Since BatchNorm computes the mean and variance across the batch dimension and depends on batch size, it is not used in transformers due to variable sequence lengths in NLP. It requires storing the running mean and variance for each feature, which is memory-intensive for large models. Also, during distributed training, batch statistics need to be synced across multiple GPUs. LayerNorm is preferred not just in NLP but even in vision based transformers because it normalizes each sample independently, making it invariant to sequence length and batch size. RMSNorm operates in a very similar manner to LayerNorm but is more computationally efficient (since, unlike LayerNorm, mean subtraction is not performed and only RMS values are calculated) and can potentially lead to quicker convergence during training.
Why multiple layers were stacked? Why not use single large layer?
Stacking allows model to learn heirarchical features. Lower layers capturing local information and higher layers capturing more abstract and global information.
Q: What is Dot-Product Attention vs Scaled Dot-Product Attention?
Dot-Product Attention is commonly called multiplicative attention. It is identical to Scaled Dot-product attention explained above except that it does not peform scaling with \(\sqrt{d_k}\). In such cases, what happens is that for large dimension \(d_k\) values, the dot products grow large in magnitude, pushing the softmax function into regions where it has extremely small gradients. To counteract this effect, they scaled the dot products by \(1/\sqrt{d_k}\)
Explain what is Multi-Head Self-Attention?
OR
Why multi-head and why not single-head Attention was/is used?
- In Attention mechanism, each token’s new representation is a weighted average of all other tokens’ representations.
- This averaging blurs the fine-grained differences between individual token positions — i.e., “resolution” is reduced. (Think of it like blurring a high-res image by averaging pixel values — you get a smoother result, but lose detail.)
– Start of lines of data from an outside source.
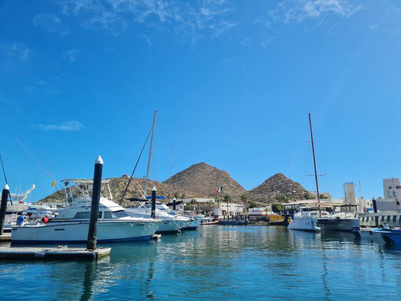 De chauffeur bericht met vertraging. Dit kost zeker 30 minuten, maar de Shuttlebus brengt ons naar San Cabos. We lopen door de haven en gaan met Caboexpedicions op zoek, al varende naar de walvissen. We hebben een kleine twee uur op het water en zien op afstand walvissen, zeeleeuwen en heel veel dolfijnen.
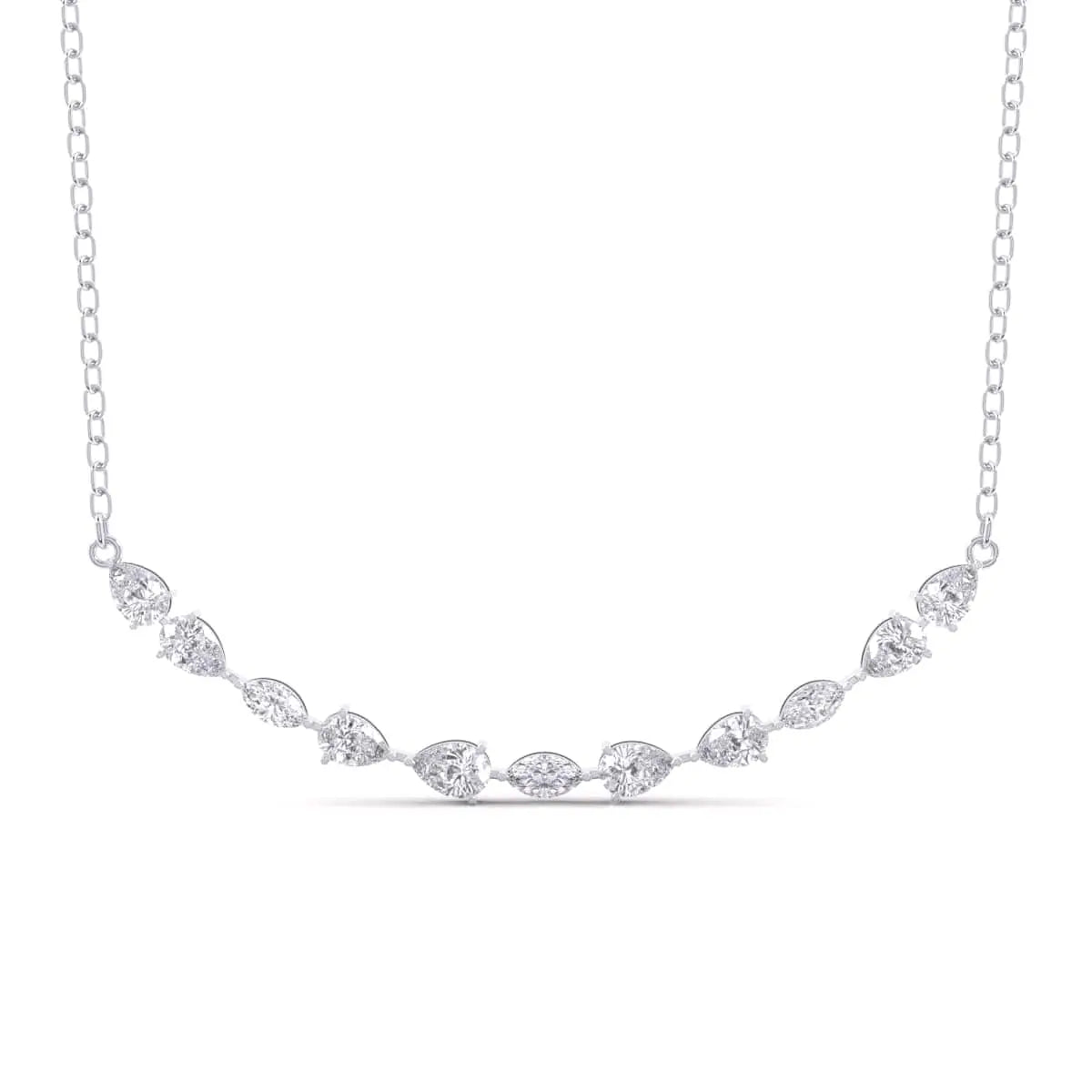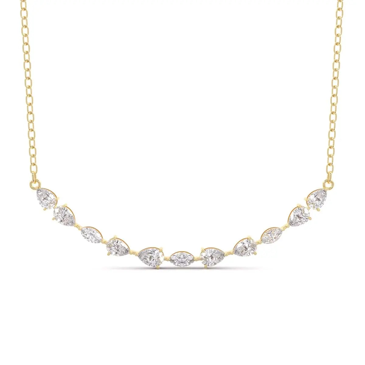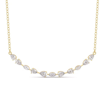 This Pear & Marquise Diamonds Pendant showcases the brilliance of lab grown diamonds in an elegant design. The combination of pear and marquise shapes creates a graceful, sophisticated look that enhances any outfit. Crafted with precision, this pendant offers a stunning sparkle while reflecting a commitment to sustainable luxury.
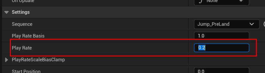 마지막 Jump_PreLand 애니메이션 같은 경우 재생 속도가 너무 빨라서 다소 조정해주었다.
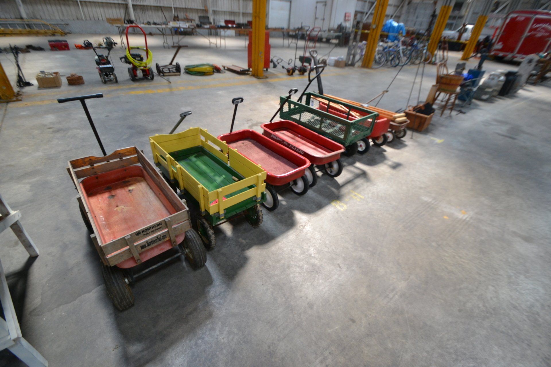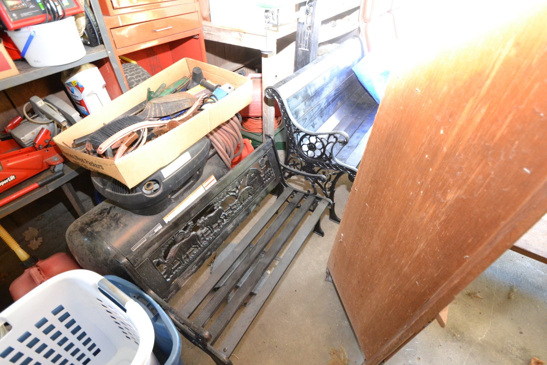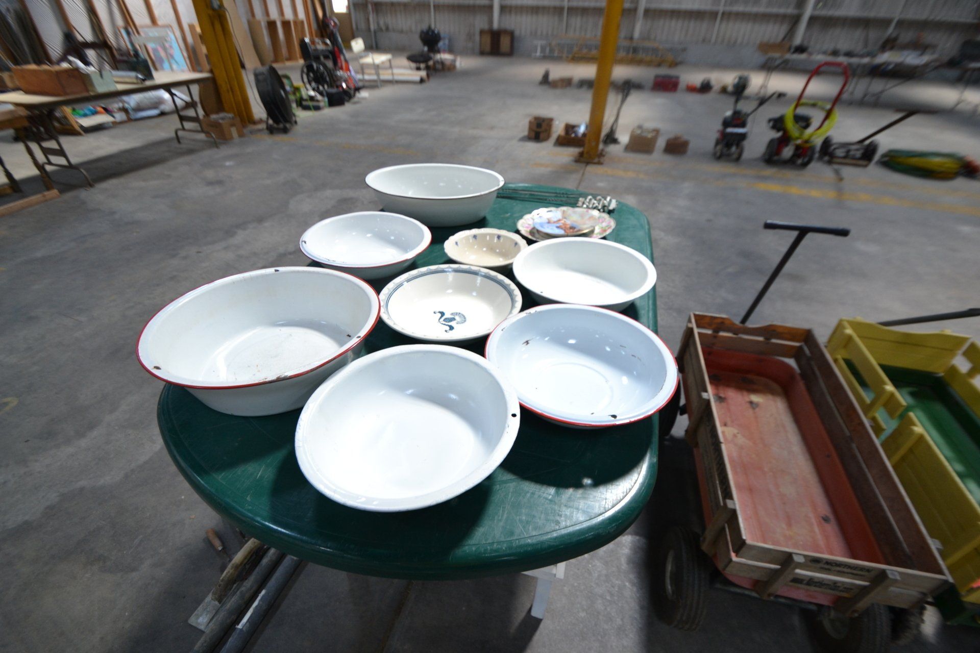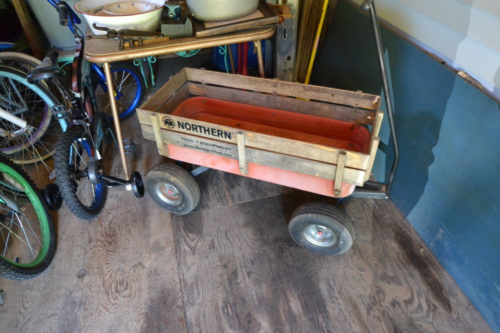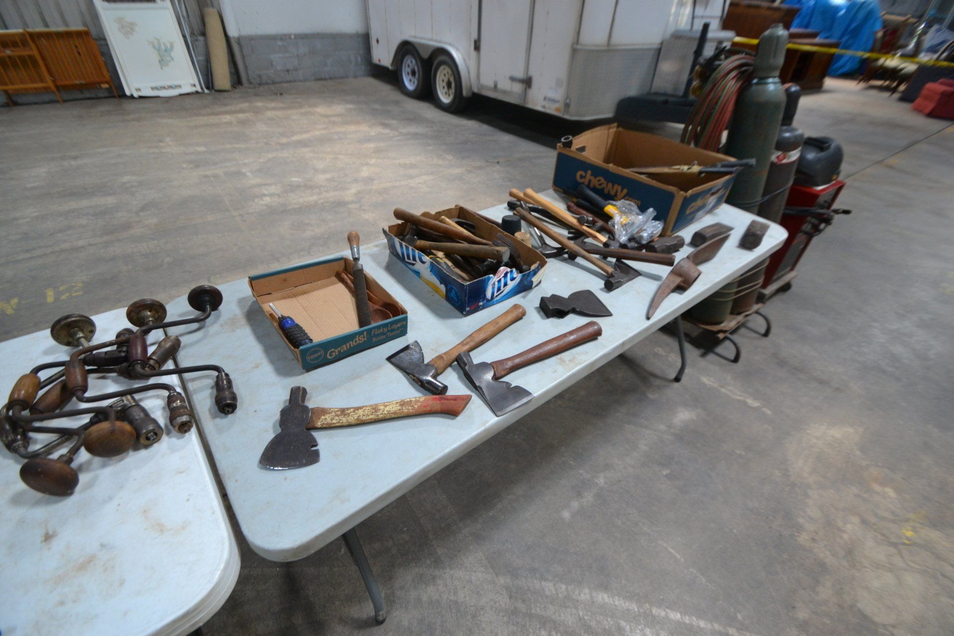 Copper Clad H-series, wood burning kitchen range, complete, functional and very nice; Sceinch kitchen cabinet w/ flour bin and sifter; butchers block; several small cast iron kitchen and laundry stoves; 25 cent Aristocrat slot machine; dozens and dozens cast skillets, Griswold, Wagner, etc; cast iron pitcher pump; large cast iron pots; several lard presses; nice cream and milk cans; wash boilers; Gem cistern pump; very large cast iron pot with spider, lid and handle; Crosley style baby stroller; brass oil can; zinc top jars; Radio Flyer wagon; several old wagons; large selection of great older bikes in good condition; corn sheller; old step stool; old automotive equipment; reel type mower; crockery; lanterns; several park benches; child’s park bench; brass; porcelain; sleds; laundry tubs with base and ringer; meat cleavers; some really nice fishing poles; small pot-belly stove; cast tea pot; collection of churns- Daisy, hand cranks, tumbler, dasher styles; meat saws; bells; tins; bottle capper; tobacco hand setter; cross cut saws wheat scythes; buck saw; meat grinders; tobacco grinder; cast iron bean pots; bee smoker; boxes of knives; cigarette lighters; wash boards; Audiovox display with several vintage radios and speakers; Troy-Bilt pressure washer; Acetylene tanks, torches and cart; garden tools; hand tools; hitches; chain fall; jacks tool boxes; mini roto-tiller; bull float; much more!

- To address this blurring/reduced resolution, the Transformer uses Multi-Head Attention.
- Instead of computing a single attention, it computes multiple attention mechanisms in parallel, each with different parameter sets. This allows the model to capture diverse types of dependencies (e.g., short-range, long-range, syntactic, semantic), and combine them — restoring fine-grained details.
- In other words, “Multi-head attention allows the model to jointly attend to information from different representation subspaces at different positions. With a single attention head, averaging inhibits this”
- Moreover, due to the reduced dimension of each head, the total computational cost is similar to that of single-head attention with full dimensionality. In other words, total computational cost with single head is same as multi-head (because we reduce the dimension of each head) and end up learning more and better features for the input.
Why Positional Encoding?
Since the Transformer model when processing a sequence contains no recurrence and no convolution, in order for the model to make use of the order of the sequence, we must inject some information about the relative or absolute position of the tokens in the sequence. - To this end, authors added “positional encodings” to the input embeddings at the bottoms of the encoder and decoder stacks.
Why Sine/ Cosine Positional Encoding?
- Because for any fixed offset k, \(PE_{pos+k}\) can be represented as a linear function of \(PE_{pos}\) .
- sin/cos functions are shift-invariant — you can express sin(pos + k) as a linear combination of sin(pos) and cos(pos). That’s why it’s easier for the model to learn relative positions even though it’s only given absolute positions.
- sin(pos+k)=sin(pos)cos(k)+cos(pos)sin(k)
- These frequencies form a geometric progression — i.e., they change exponentially.
- Small i = long wavelength (slow variation → global info)
- Large i = short wavelength (fast variation → local info)
Why fixed (i.e. sine/cosine) and not a learned positional Encoding?
- sinusodial positional encoding may allow for extrapolation when we encounter sequence of lengths greater than those encountered during training
Do we use masking only for Decoder?
- No. Masking can also be used for encoder.
- For example: when processing multiple sentences of unequal length in batches then, it is common to use a
[PAD]
token. Here, to avoid attention to unnecessary padding tokens, we can use masking. 'i hate this so much! [PAD] [PAD] [PAD] [PAD] [PAD] [PAD] [PAD] [PAD]'
is different from'i hate this so much!'
. In order to force NN to treat both as same, we provide masking to pad tokens.- (Reference: HF NLP course Ch-2, Handling multiple sequences)
What is the role of CLS token?
- A special token that marks the beginning of the sentence.
- It can be used for encoders
- It can be used in decoders where we can make CLS token the default token during the start of generation process.
Loss for training Transformers?
Loss for training a multi-modal model like SAM?
SAM
Usually input to model is a batch but how Transformers handle variable input sequence size?
Strategies/Methods to both pretrain and finetune LLMs/ VLMs/Image Models
Multi-task learnig? Why we do that?
Why multiple losses?
Practices for xAI in multi-modal model?
How to tackle memory constraints in Transformers? (Amii)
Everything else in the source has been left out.